「我做錯了什麼?」
「我惹到你們了麼?」
男孩單薄的肩膀輕微地顫動著,淚水從指縫間溢出。那壓抑隱忍的聲音,簡直要盪穿甄浪的心臟,他感覺自己正被拷問靈魂。
你沒錯,你很好,我喜歡你。
國民浪少是想這樣說的,但他在看到男孩的第一滴淚時,整個人就已經當場石化了。
他家清冷、傲然、隱忍、倔強、有骨氣的絕美少年,竟然在他面前哭了,還是被他弄哭的。
這體驗直擊人心,甄浪整個人都不好了,學著弟弟陸可燃的口氣,用陸氏損人大禮包在心裡罵了自己一萬遍流氓、畜生。
讓他給他跪下都行,能別哭了嗎?他覺得心裡刀絞一樣的難受。
他把他弄哭了!他心要被哭碎了!他要死了!
少年手上的輸液管已經回流了一截鮮血,刺目的猩紅直戳進甄浪心裡。
他不敢靠近,轉頭正要叫醫生來處理,從門外急匆匆奔進一個人來,差一點跟甄浪撞個滿懷。
甄浪錯開身,凝神一看,來人正是每次見到他,必要暴打他的陸可燃。
陸可燃站定後,看了一眼病床上默默垂淚的少年,整個人都蒙了。
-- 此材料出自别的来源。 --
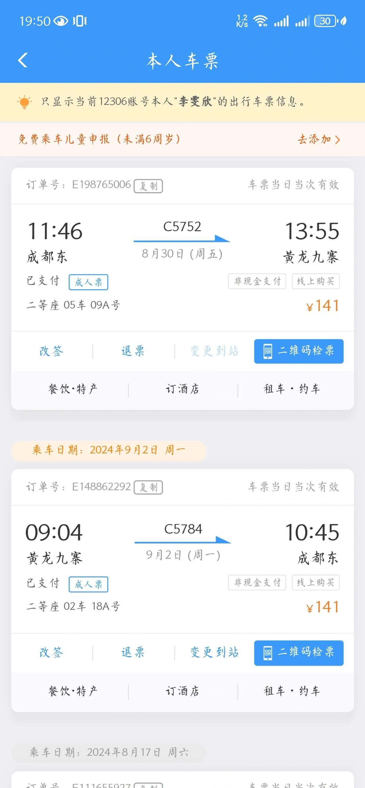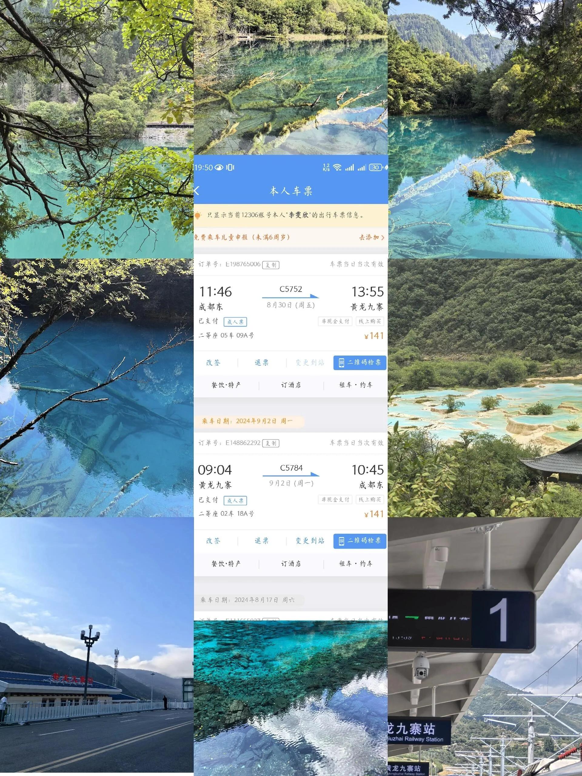 黄龙九寨站 → 九寨沟 → 黄龙 → 川主寺 → 黄龙九寨站
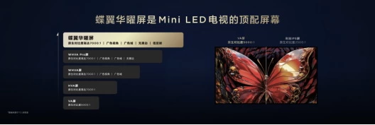 众所周知,屏幕是一款电视的核心部件。Mini LED电视作为依靠亮度和对比度来改善画质的电视品类,必须配备一块高对比度的屏幕,方能充分发挥其画质优势。TCL Q10L系列搭载的蝶翼华曜屏,就是最适合Mini LED电视的VA屏顶配中的顶配。

他長這麼大,還沒見過他哥哭。
男孩正驚疑不定,又轉頭看到甄浪,用了幾秒鐘時間辨認出這人是誰,一瞬間的表情一言難盡,好像前塵往事,來龍去脈全被他想明白了,眼神陡然從怔忪轉為暴怒。
場面一度十分尷尬,甄浪想解釋,又覺得解釋不清,畢竟是他偷吻在先,才把他哥惹哭的。
陸可燃沒給甄浪多餘時間思考,掄起拳頭衝著甄浪就砸過去。
來人咬牙切齒,全身騰起熊熊怒火,像只炸了毛的小豹子一樣,衝著甄浪撲過去,一邊揮拳,一邊罵甄浪禽獸、牲口。
甄浪的「陸氏損人大禮包」還沒有下單,就已經送達簽收了。
一陣乒桌球乓中,顧潤寧及時趕到,從背後抱住他的「小豹貓」,才把憤怒的男孩扯開,並跟他解釋說是甄浪偶然路過,救了他哥。陸可燃那廂才稍微鎮靜下來。
甄浪全程沒有還手,免不了又挨了兩拳,他什麼也沒說,沉默地看著醫護人員幫陸可煜處理了回血的輸液管,才緩步下樓,去醫院花壇邊抽菸吹夜風。
甄浪基本不抽菸,只在連夜跟進遊戲研發進度時,才會偶爾抽上一兩根。
剛才目睹那人落淚,他心裡實在太難受了。